[Dataset entries]
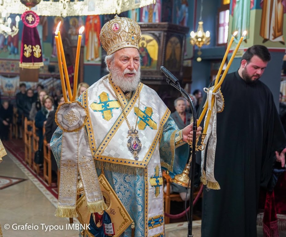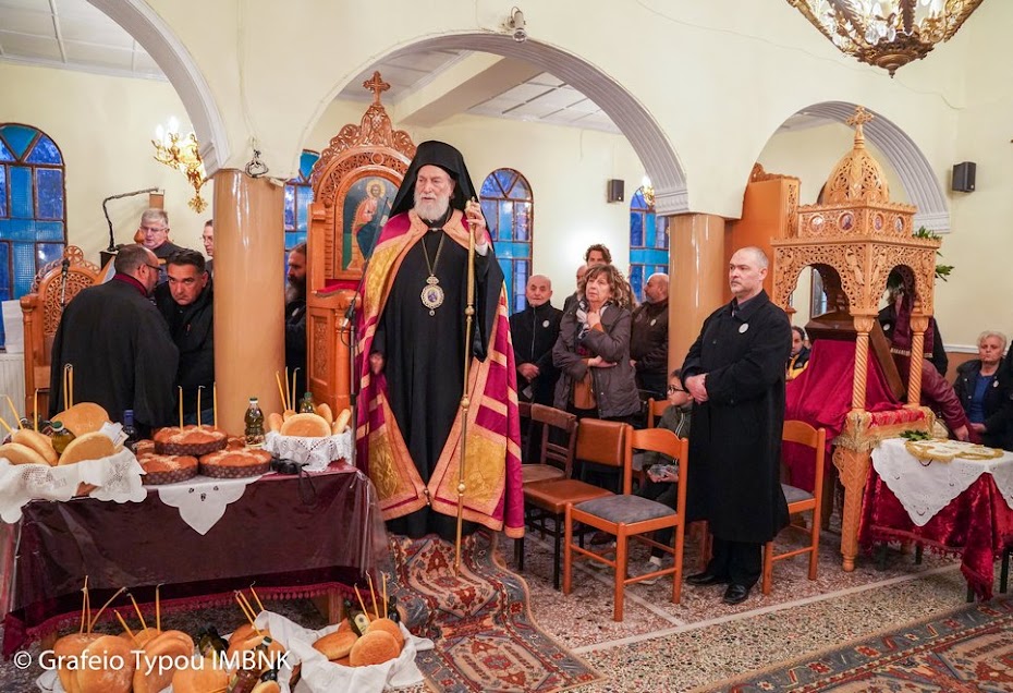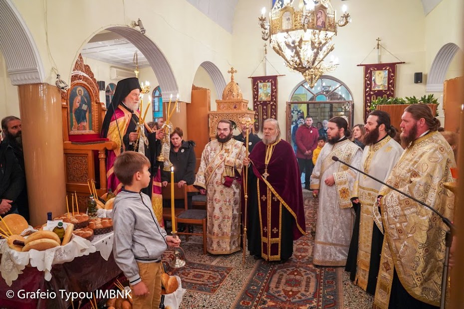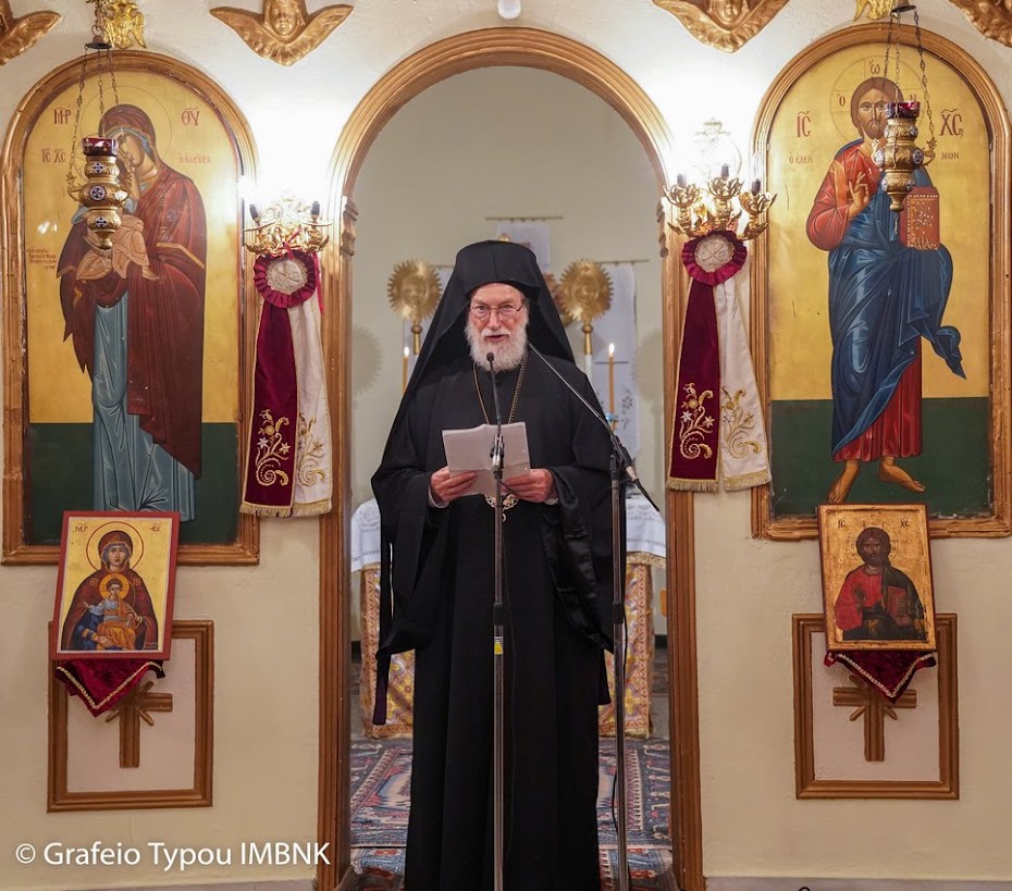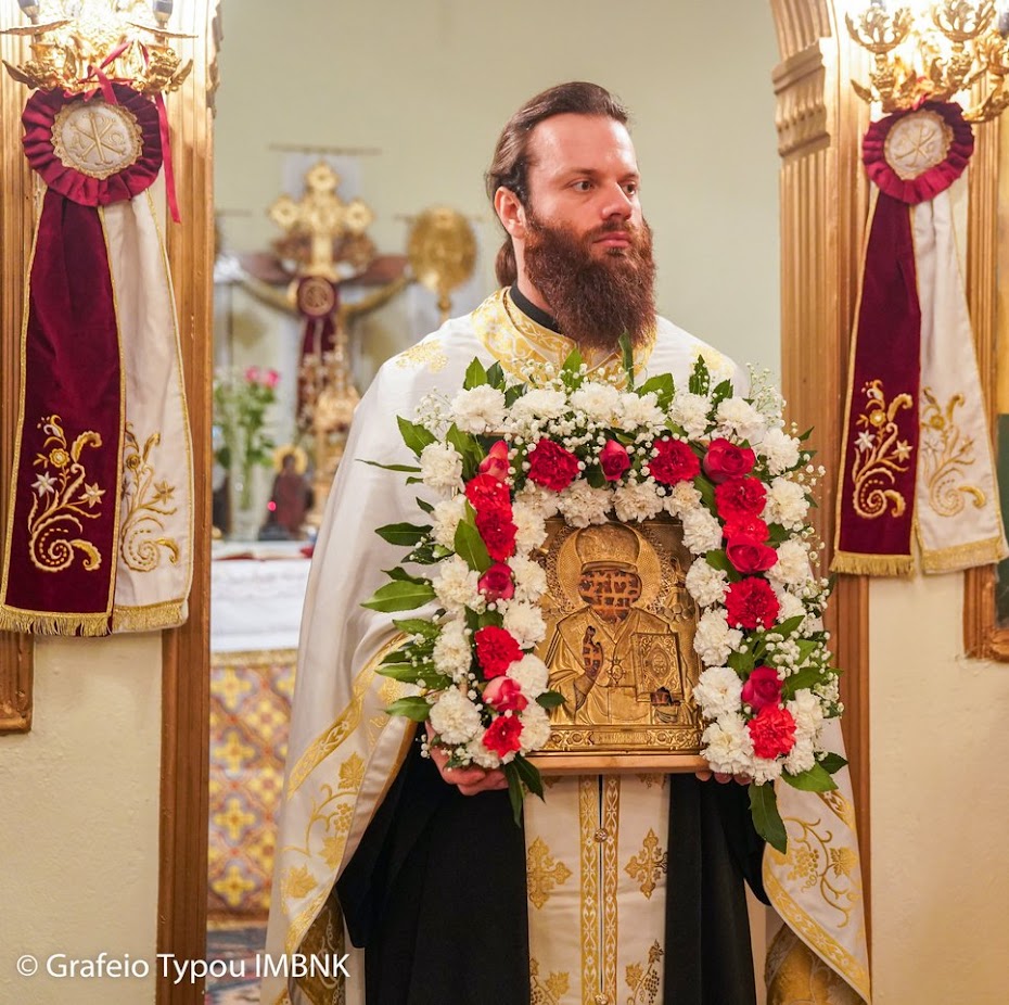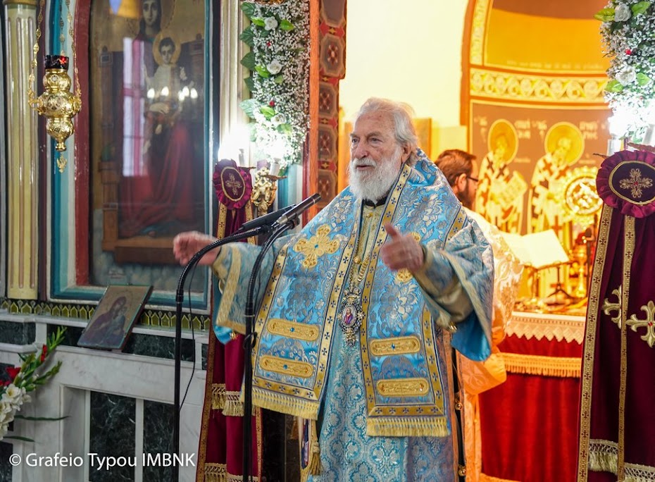 Την παραμονή της εορτής το εσπέρας στον πανηγυρίζοντα Ιερό Ναό του Αγίου Νικολάου Πατρίδας, ο Θεοφιλέστατος υποδέχθηκε την Ιερά Εικόνα της Παναγίας της Οδηγήτριας, η οποία μυροβλίζει συνεχώς, και στη συνέχεια χοροστάτησε στον Πανηγυρικό Εσπερινό και κήρυξε το θείο λόγο.
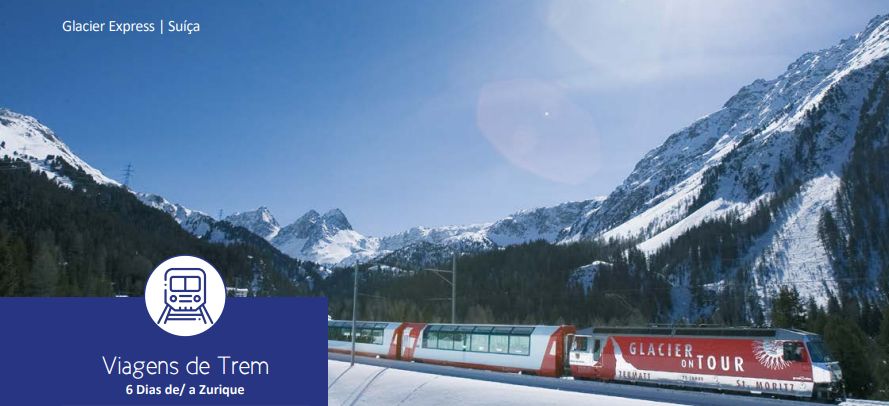 Viagem de Trem 6 Dias de/ a Zurique, sem acompanhante. Itinerário: Zurique (sem hospedagem), Lucerna, Titlis, Golden Pass Line, Montreux , Täsch, Gornergrat, Zermatt, Glacier Express, Zurique (sem hospedagem)
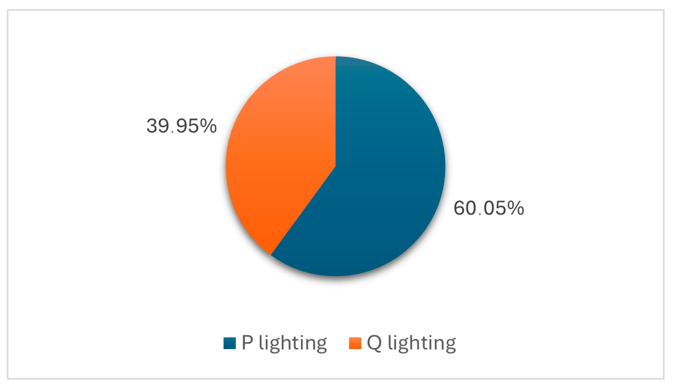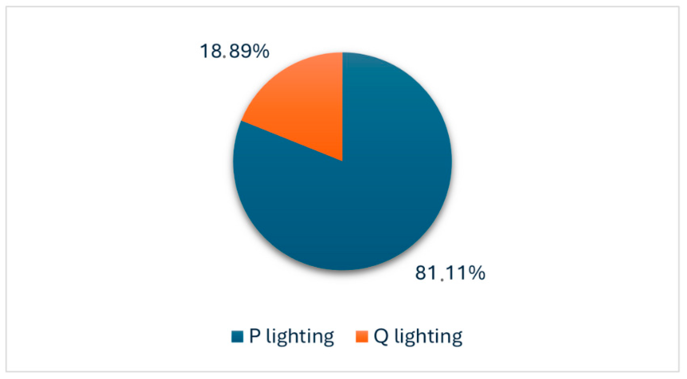 Figure 4 presents the percentage distribution of active and reactive power consumption for lighting in SB2.
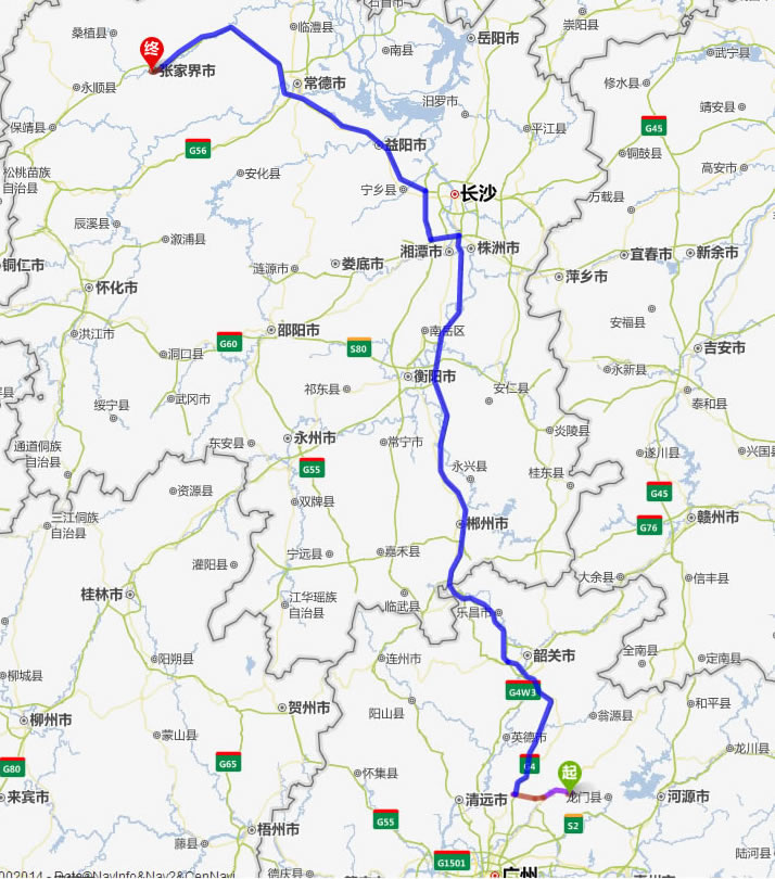從化去張家界自駕車自助游線路圖全程高速):
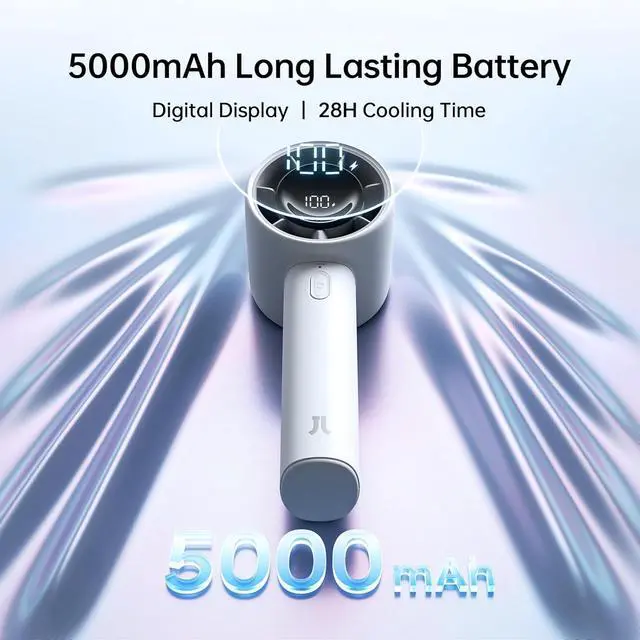 Long-Lasting Battery & LED Power Display: Equipped with a 5000mAh battery (fully charged in 2-3 hours), this rechargeable portable fan keeps you cool for hours on a single charge! Enjoy up to 28 hours of runtime in low-speed mode. The built-in LED power display lets you monitor battery life at a glanceensuring all-day airflow wherever you go!
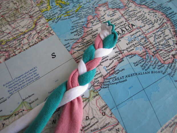 Si usted desea continuar trenzado pero es acerca de quedarse sin hilo, coser tres líneas nuevas de hilado de la camiseta a los extremos de la de la trenza. De esa manera obtendrá la trenza plana y agradable. :)
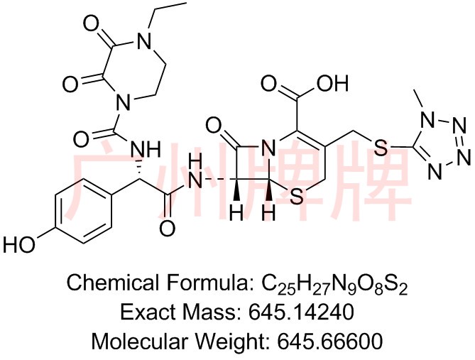 CAS No:N/A||Chemical Formula:C48H54N14O18S3||Molecular Weight:1211.22000||Exact Mass:1210.29026"||2-(carboxy(2-(4-((2-(carboxy(2-(4-ethyl-2,3-dioxopiperazine-1-carboxamido)-2-(4-hydroxyphenyl)acetamido)methyl)-5-(((1-methyl-1H-tetrazol-5-yl)thio)methyl)-3,6-dihydro-2H-1,3-thiazine-4-carbonyl)oxy)phenyl)-2-(4-ethyl-2,3-dioxopiperazine-1-carboxamido)acetamido)methyl)-5-(hydroxymethyl)-3,6-dihydro-2H-1,3-thiazine-4-carboxylic acid
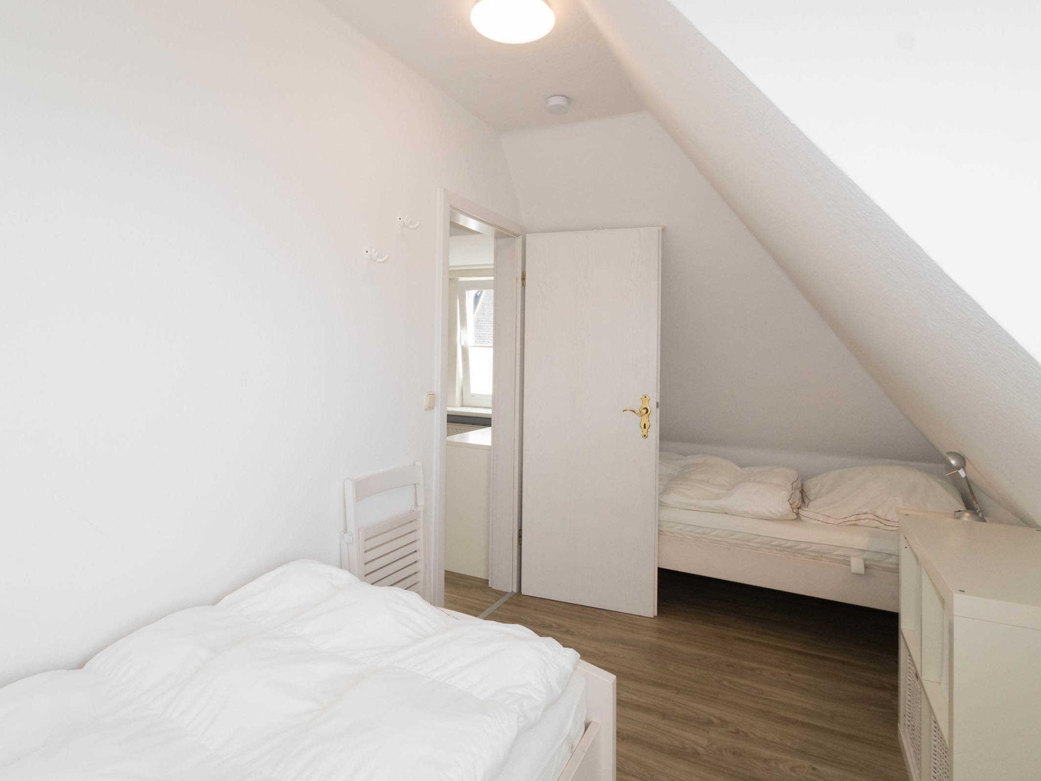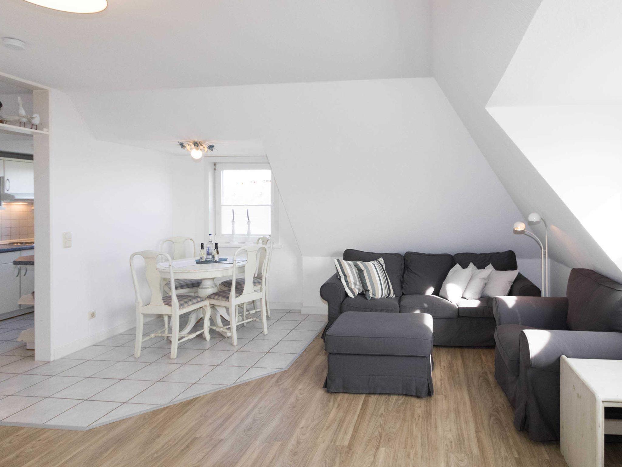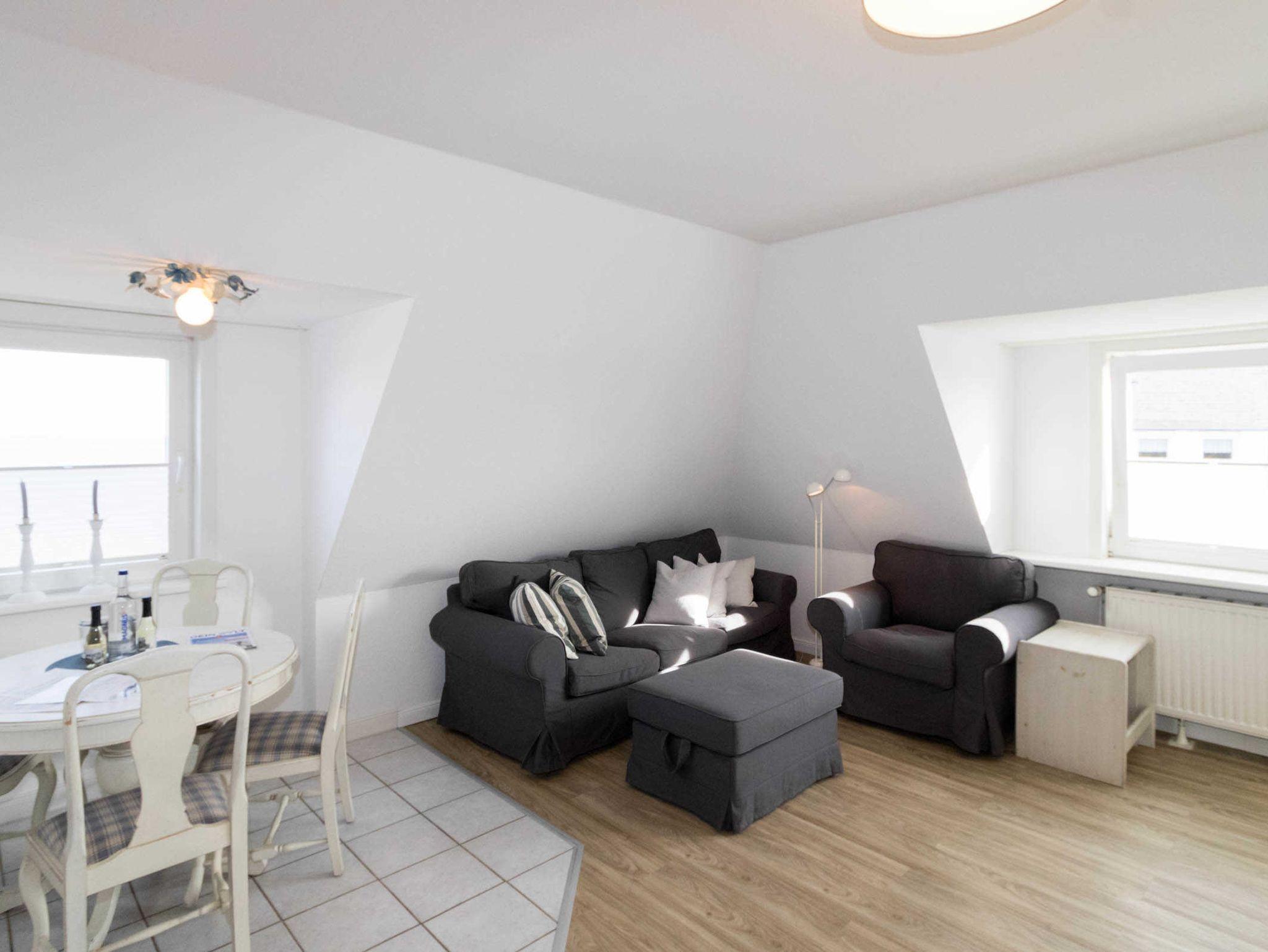 Die Wohnung verfügt über eine sep. kleine Küche, einen Wohnraum, der mit Esstisch für 4 Personen ausgestattet ist. Im Wohnraum befindet sich auch ein Schrankbett (140 x 190cm). Ein Nebenzimmer mit 2 Einzelbetten bietet die Schlafgelegenheit für die 3. und 4. Person. Das Duschbad ist innenliegend.

WORK ORDER — Using the entries above, write out exactly the lines from the one with "Si usted desea" through the one with "CAS No:N/A||Chemical Formula:C48H54N14O18S3||Molecular", ends included. Leave out any pictures.

SOLUTION —
 Si usted desea continuar trenzado pero es acerca de quedarse sin hilo, coser tres líneas nuevas de hilado de la camiseta a los extremos de la de la trenza. De esa manera obtendrá la trenza plana y agradable. :)
 CAS No:N/A||Chemical Formula:C48H54N14O18S3||Molecular Weight:1211.22000||Exact Mass:1210.29026"||2-(carboxy(2-(4-((2-(carboxy(2-(4-ethyl-2,3-dioxopiperazine-1-carboxamido)-2-(4-hydroxyphenyl)acetamido)methyl)-5-(((1-methyl-1H-tetrazol-5-yl)thio)methyl)-3,6-dihydro-2H-1,3-thiazine-4-carbonyl)oxy)phenyl)-2-(4-ethyl-2,3-dioxopiperazine-1-carboxamido)acetamido)methyl)-5-(hydroxymethyl)-3,6-dihydro-2H-1,3-thiazine-4-carboxylic acid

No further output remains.